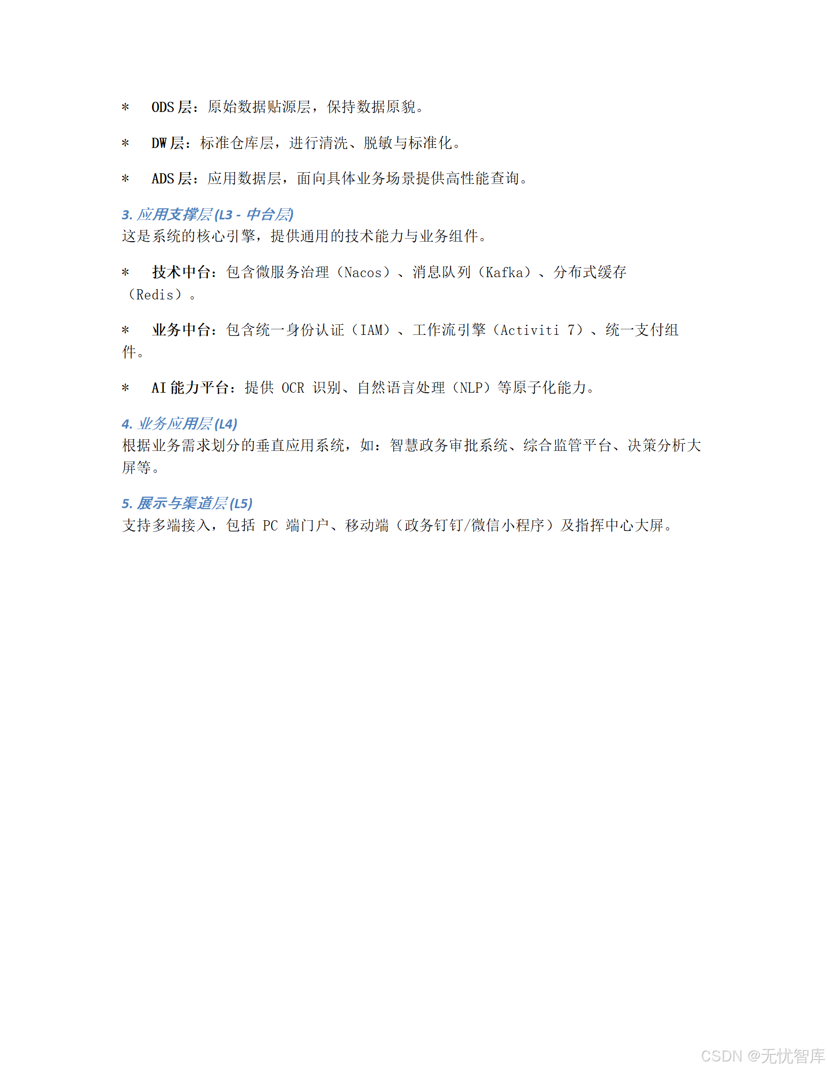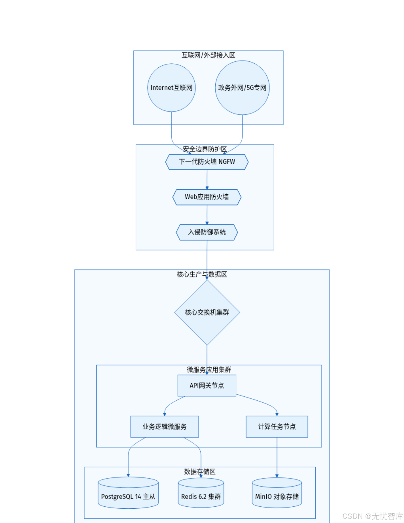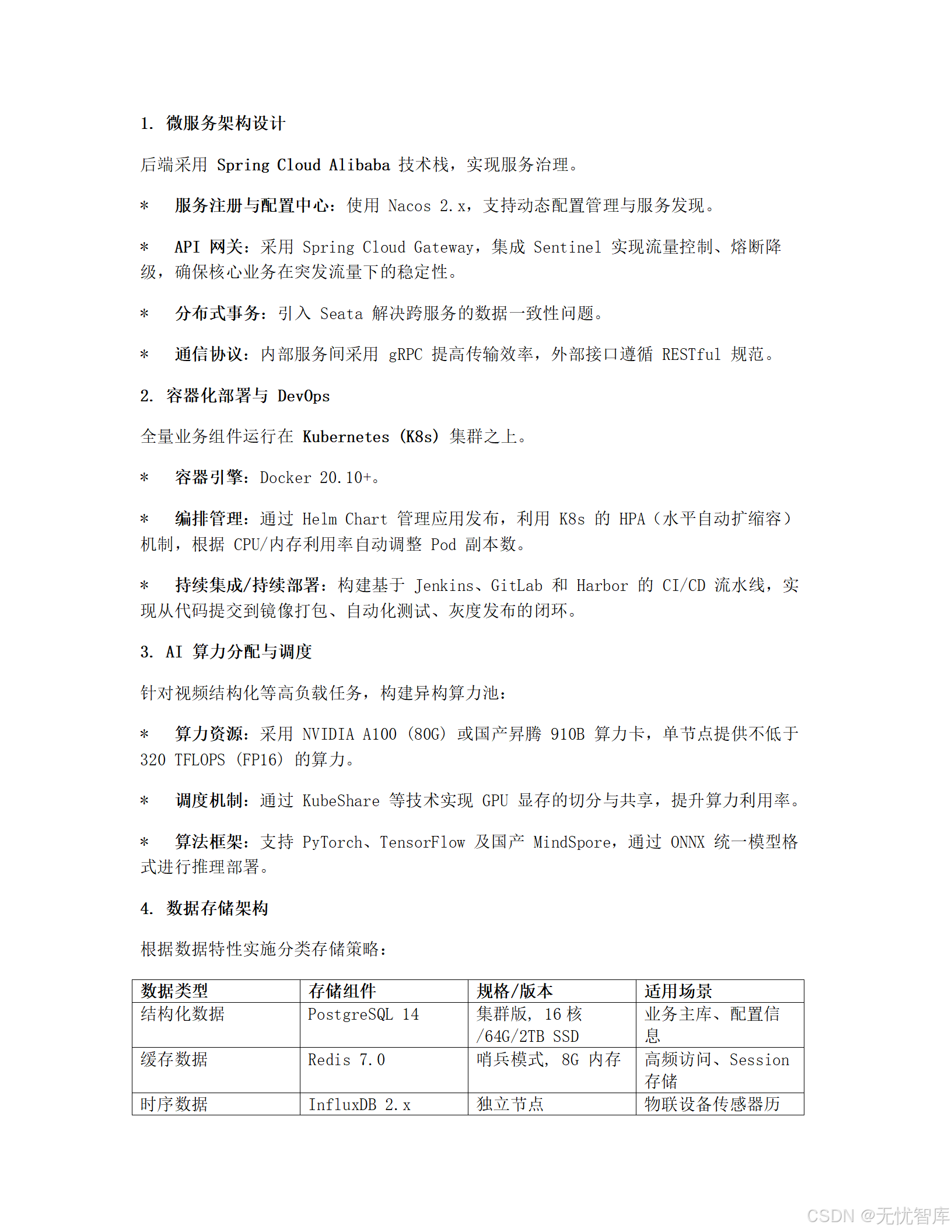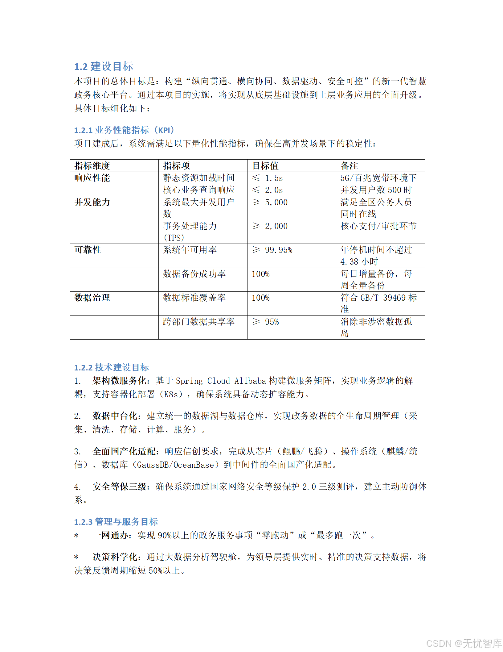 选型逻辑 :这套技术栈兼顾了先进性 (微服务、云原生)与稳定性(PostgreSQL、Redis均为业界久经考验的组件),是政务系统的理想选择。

---

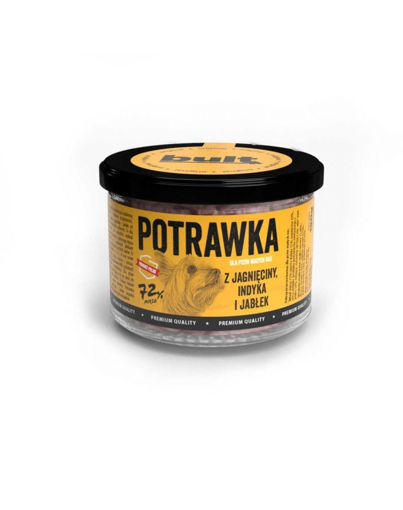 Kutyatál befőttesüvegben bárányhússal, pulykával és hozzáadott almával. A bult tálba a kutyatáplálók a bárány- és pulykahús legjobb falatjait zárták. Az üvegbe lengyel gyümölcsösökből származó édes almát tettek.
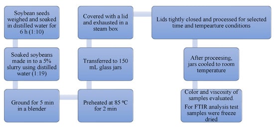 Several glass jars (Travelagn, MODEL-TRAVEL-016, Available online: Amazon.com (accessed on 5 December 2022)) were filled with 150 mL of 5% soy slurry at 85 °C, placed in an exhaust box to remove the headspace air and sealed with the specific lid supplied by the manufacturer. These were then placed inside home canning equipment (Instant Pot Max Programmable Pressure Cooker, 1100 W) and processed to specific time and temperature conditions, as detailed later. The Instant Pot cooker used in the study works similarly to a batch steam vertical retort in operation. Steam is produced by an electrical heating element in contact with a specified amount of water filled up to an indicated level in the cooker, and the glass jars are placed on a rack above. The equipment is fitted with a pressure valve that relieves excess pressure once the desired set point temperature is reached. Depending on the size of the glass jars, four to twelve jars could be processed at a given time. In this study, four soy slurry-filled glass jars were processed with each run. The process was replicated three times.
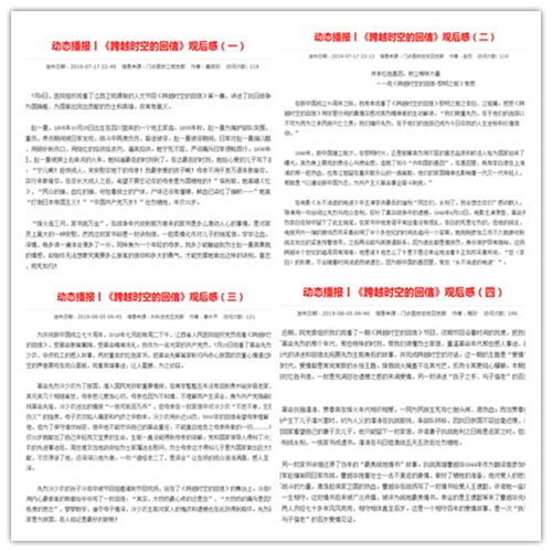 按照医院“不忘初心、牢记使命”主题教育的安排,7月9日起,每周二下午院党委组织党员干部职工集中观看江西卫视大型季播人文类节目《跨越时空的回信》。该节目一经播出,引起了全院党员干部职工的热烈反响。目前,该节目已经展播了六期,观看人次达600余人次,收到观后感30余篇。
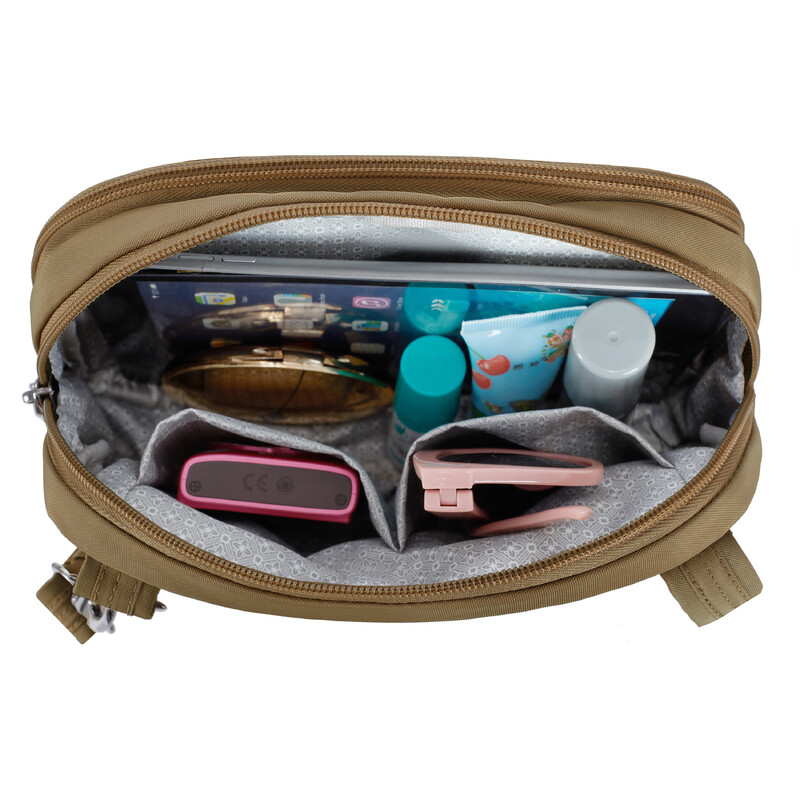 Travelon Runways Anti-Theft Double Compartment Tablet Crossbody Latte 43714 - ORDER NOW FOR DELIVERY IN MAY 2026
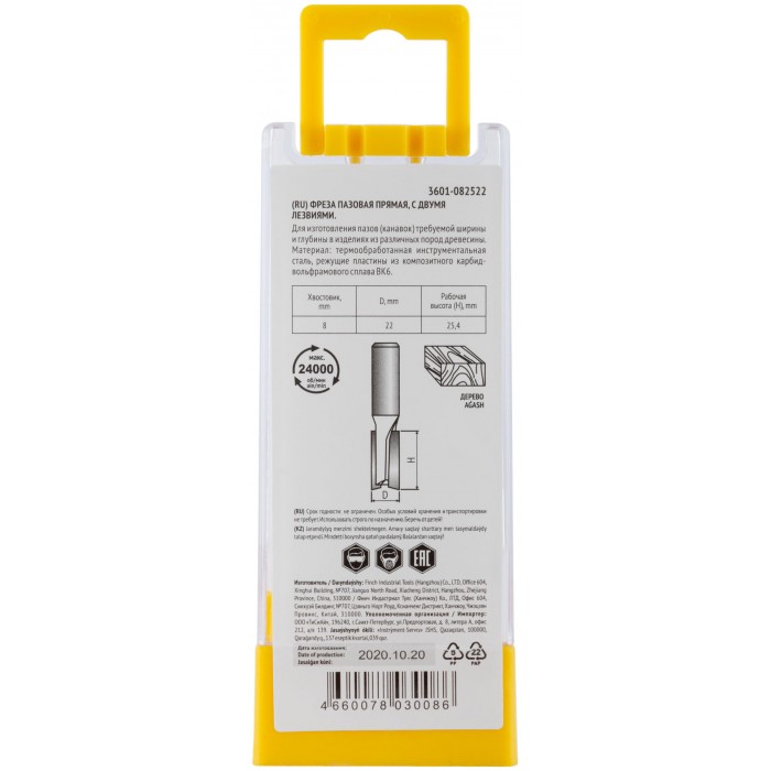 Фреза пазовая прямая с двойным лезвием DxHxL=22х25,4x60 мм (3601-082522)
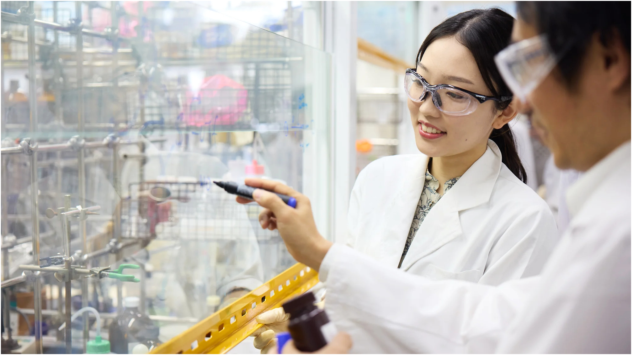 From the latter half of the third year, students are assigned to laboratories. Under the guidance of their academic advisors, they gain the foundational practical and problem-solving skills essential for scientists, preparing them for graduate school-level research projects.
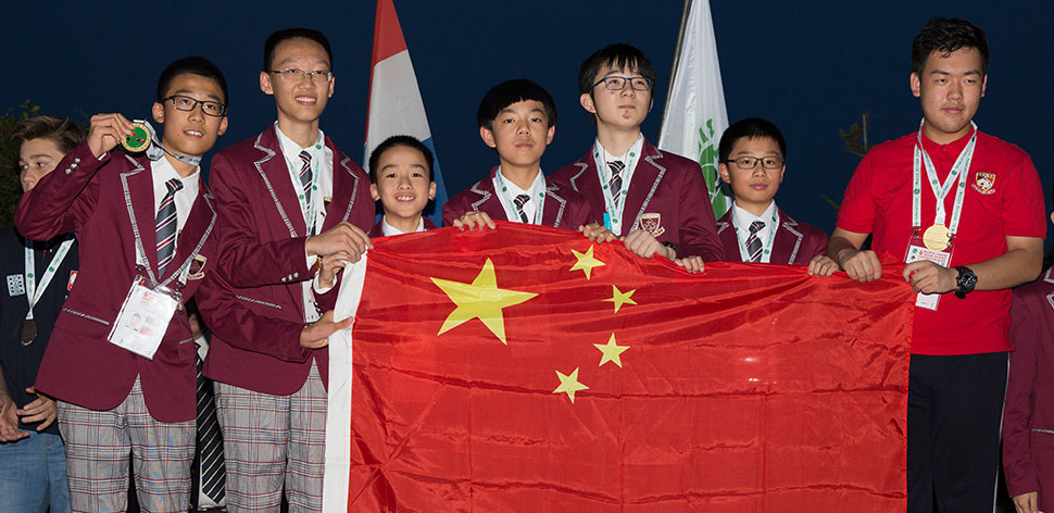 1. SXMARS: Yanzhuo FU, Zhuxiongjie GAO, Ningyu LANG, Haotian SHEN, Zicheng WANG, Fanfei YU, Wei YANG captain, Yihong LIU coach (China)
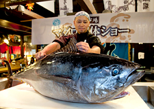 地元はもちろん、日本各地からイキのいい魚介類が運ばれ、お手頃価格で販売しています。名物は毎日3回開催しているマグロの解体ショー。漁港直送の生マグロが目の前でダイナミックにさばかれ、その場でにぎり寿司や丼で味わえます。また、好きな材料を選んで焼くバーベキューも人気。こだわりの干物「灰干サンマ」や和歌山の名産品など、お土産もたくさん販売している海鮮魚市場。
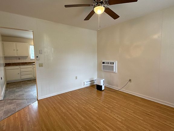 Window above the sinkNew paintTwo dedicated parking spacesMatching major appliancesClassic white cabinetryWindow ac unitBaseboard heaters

---

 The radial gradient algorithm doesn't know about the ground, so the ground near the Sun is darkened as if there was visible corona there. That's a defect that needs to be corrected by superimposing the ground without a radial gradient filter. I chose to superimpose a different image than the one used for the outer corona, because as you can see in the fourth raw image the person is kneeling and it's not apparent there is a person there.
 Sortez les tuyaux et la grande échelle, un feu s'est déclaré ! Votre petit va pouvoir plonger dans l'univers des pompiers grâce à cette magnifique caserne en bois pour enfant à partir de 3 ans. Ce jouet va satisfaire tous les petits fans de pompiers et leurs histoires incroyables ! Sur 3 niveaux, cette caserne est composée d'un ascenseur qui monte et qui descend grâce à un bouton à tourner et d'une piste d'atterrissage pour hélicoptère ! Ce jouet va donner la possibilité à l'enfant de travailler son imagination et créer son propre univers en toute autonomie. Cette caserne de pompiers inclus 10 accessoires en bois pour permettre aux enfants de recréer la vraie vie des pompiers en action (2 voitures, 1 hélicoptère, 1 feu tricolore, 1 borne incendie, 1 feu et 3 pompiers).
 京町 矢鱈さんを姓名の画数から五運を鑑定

> **The problem**
In the entries above, which lines run from the one with "1. SXMARS: Yanzhuo" up to and including the one with "Window above the"? Write them out exactly, without the pictures.

> **Response to this task**
 1. SXMARS: Yanzhuo FU, Zhuxiongjie GAO, Ningyu LANG, Haotian SHEN, Zicheng WANG, Fanfei YU, Wei YANG captain, Yihong LIU coach (China)
 地元はもちろん、日本各地からイキのいい魚介類が運ばれ、お手頃価格で販売しています。名物は毎日3回開催しているマグロの解体ショー。漁港直送の生マグロが目の前でダイナミックにさばかれ、その場でにぎり寿司や丼で味わえます。また、好きな材料を選んで焼くバーベキューも人気。こだわりの干物「灰干サンマ」や和歌山の名産品など、お土産もたくさん販売している海鮮魚市場。
 Window above the sinkNew paintTwo dedicated parking spacesMatching major appliancesClassic white cabinetryWindow ac unitBaseboard heaters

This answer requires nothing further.